> [WHAT YOU SHOULD DO]: Beginning with the opening line of the entries, return every line through the one containing "Add elegance and", both included, and nothing else. Omit pictures.

> [LISTED ENTRIES]:
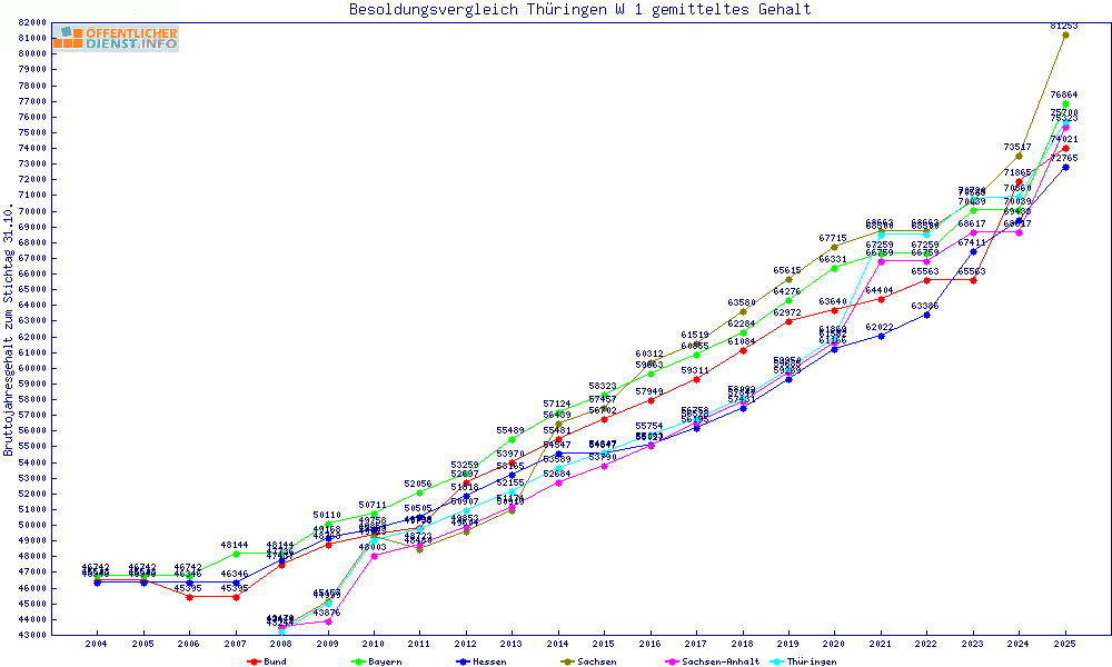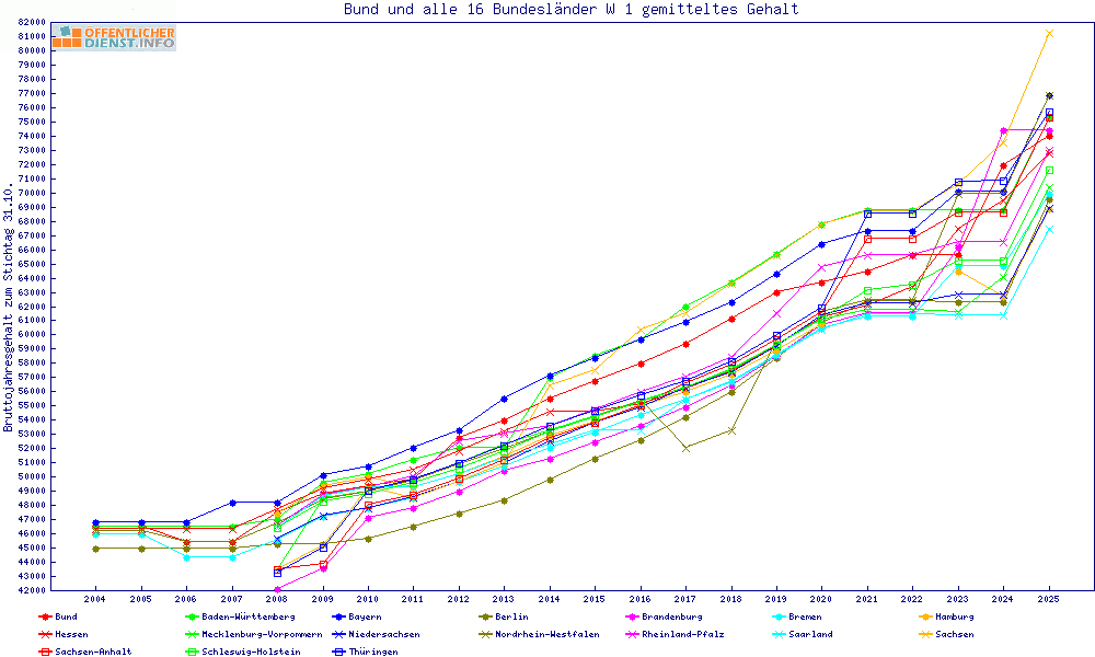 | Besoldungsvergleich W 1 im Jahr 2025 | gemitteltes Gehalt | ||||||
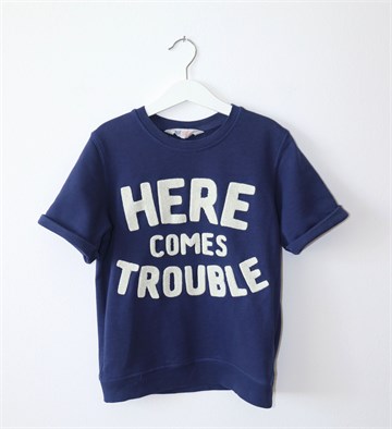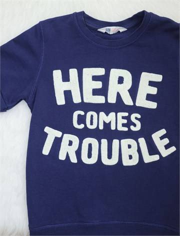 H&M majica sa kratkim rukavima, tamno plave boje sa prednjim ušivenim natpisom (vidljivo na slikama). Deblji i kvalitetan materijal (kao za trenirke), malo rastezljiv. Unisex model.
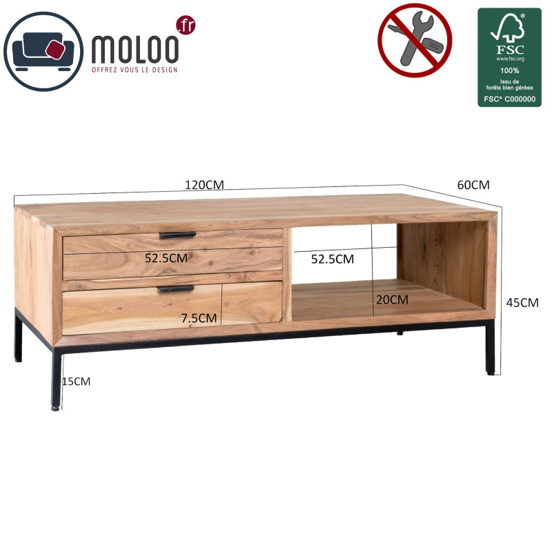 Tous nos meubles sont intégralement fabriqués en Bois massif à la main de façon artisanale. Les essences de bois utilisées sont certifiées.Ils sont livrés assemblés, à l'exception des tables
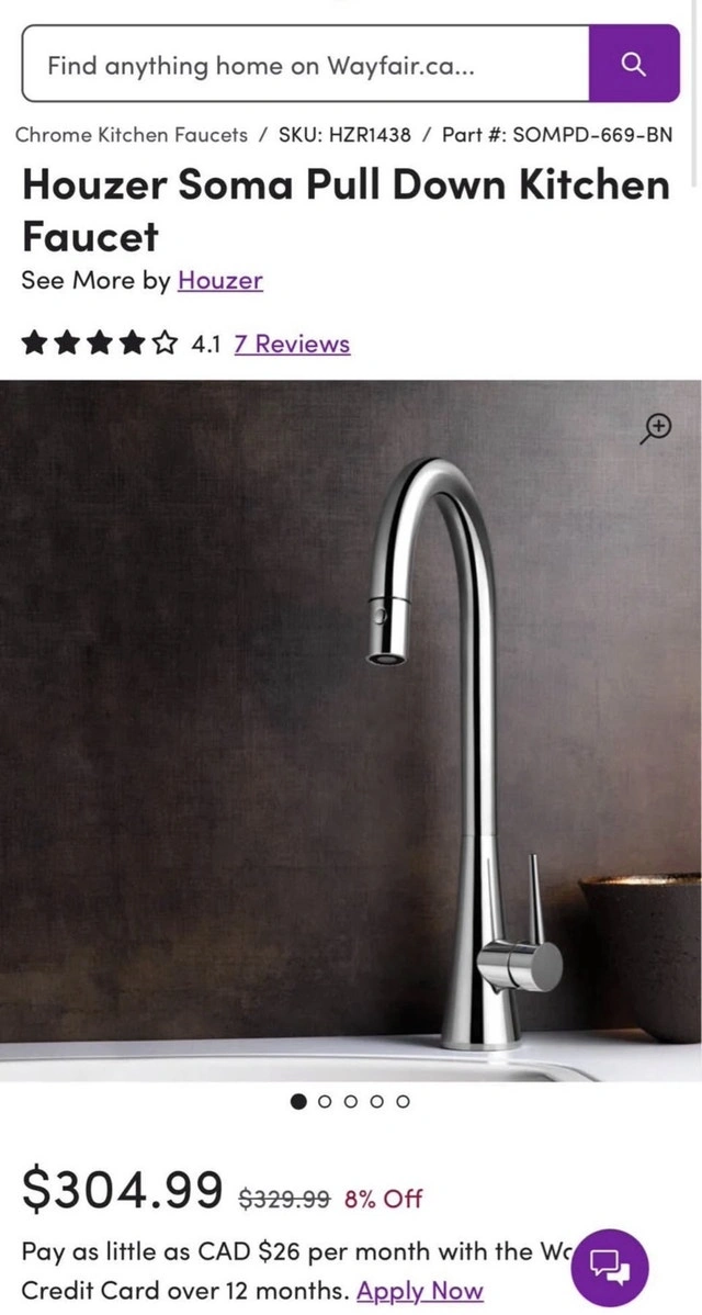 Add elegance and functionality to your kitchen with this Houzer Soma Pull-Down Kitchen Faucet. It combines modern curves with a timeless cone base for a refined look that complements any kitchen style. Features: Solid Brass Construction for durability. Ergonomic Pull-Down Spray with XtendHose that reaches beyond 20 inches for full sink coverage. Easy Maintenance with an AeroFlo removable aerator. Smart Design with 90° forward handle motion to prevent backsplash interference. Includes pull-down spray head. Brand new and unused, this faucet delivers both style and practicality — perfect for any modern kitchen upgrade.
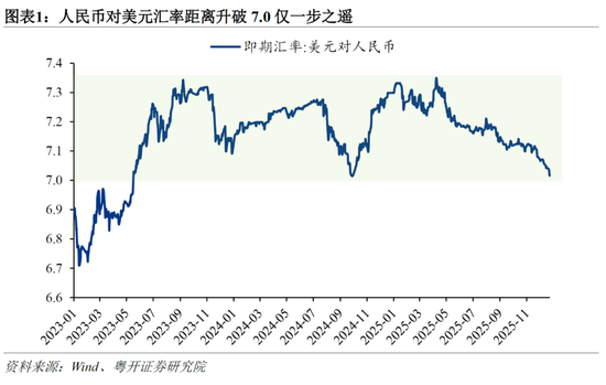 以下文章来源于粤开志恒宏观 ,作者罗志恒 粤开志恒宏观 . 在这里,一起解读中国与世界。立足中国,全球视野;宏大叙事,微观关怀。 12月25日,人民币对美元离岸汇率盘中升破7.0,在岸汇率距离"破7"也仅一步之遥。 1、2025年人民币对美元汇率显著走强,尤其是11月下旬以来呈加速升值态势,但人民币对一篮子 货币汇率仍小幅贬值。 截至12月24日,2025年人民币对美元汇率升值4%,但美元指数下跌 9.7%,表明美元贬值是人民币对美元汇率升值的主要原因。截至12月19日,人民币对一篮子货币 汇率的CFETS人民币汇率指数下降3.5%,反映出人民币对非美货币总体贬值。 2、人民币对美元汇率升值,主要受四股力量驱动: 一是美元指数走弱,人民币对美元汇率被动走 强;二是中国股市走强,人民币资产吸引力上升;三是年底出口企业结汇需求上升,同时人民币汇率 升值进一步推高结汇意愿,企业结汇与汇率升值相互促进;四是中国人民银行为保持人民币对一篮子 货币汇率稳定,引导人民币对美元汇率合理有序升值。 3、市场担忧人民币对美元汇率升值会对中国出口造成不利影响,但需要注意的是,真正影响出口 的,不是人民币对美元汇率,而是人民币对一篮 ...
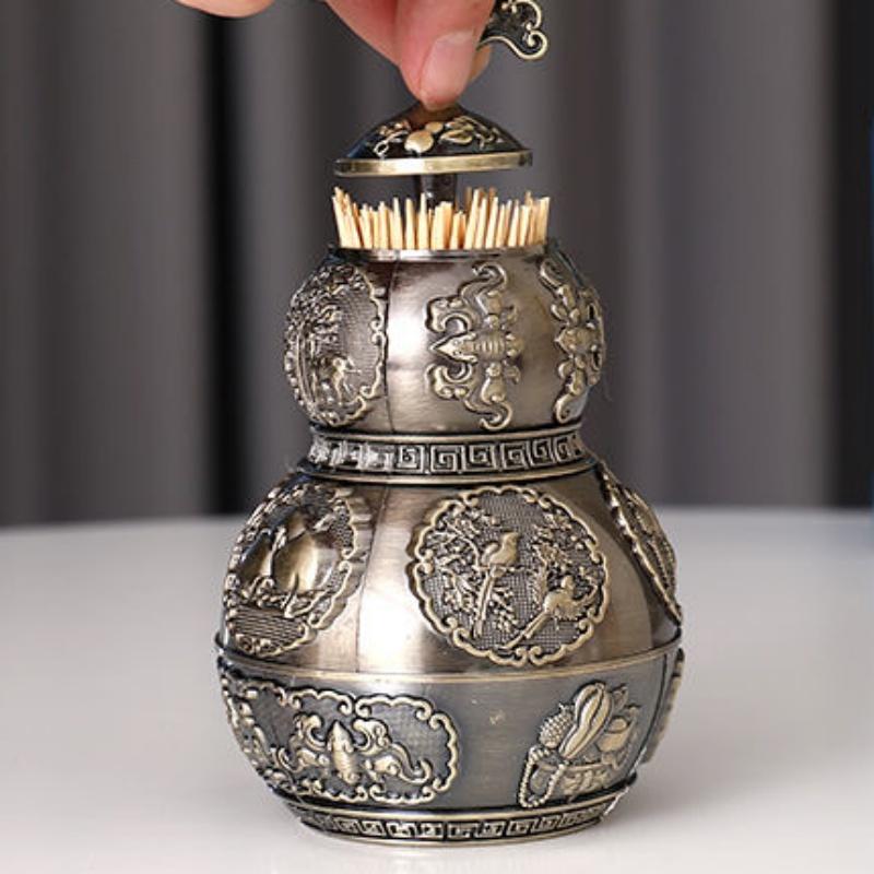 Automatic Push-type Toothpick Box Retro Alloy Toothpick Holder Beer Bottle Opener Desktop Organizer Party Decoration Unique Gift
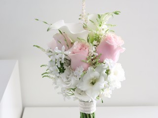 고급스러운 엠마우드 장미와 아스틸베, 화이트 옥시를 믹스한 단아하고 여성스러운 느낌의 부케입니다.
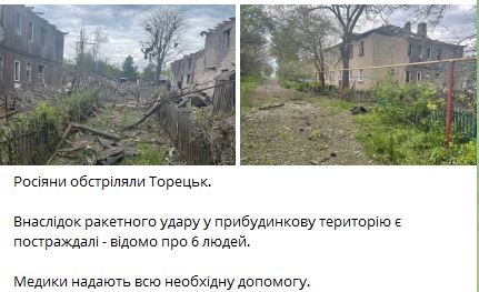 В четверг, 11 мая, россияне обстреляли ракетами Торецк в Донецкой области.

> [PROBLEM SOLUTION]:
 | Besoldungsvergleich W 1 im Jahr 2025 | gemitteltes Gehalt | ||||||
 H&M majica sa kratkim rukavima, tamno plave boje sa prednjim ušivenim natpisom (vidljivo na slikama). Deblji i kvalitetan materijal (kao za trenirke), malo rastezljiv. Unisex model.
 Tous nos meubles sont intégralement fabriqués en Bois massif à la main de façon artisanale. Les essences de bois utilisées sont certifiées.Ils sont livrés assemblés, à l'exception des tables
 Add elegance and functionality to your kitchen with this Houzer Soma Pull-Down Kitchen Faucet. It combines modern curves with a timeless cone base for a refined look that complements any kitchen style. Features: Solid Brass Construction for durability. Ergonomic Pull-Down Spray with XtendHose that reaches beyond 20 inches for full sink coverage. Easy Maintenance with an AeroFlo removable aerator. Smart Design with 90° forward handle motion to prevent backsplash interference. Includes pull-down spray head. Brand new and unused, this faucet delivers both style and practicality — perfect for any modern kitchen upgrade.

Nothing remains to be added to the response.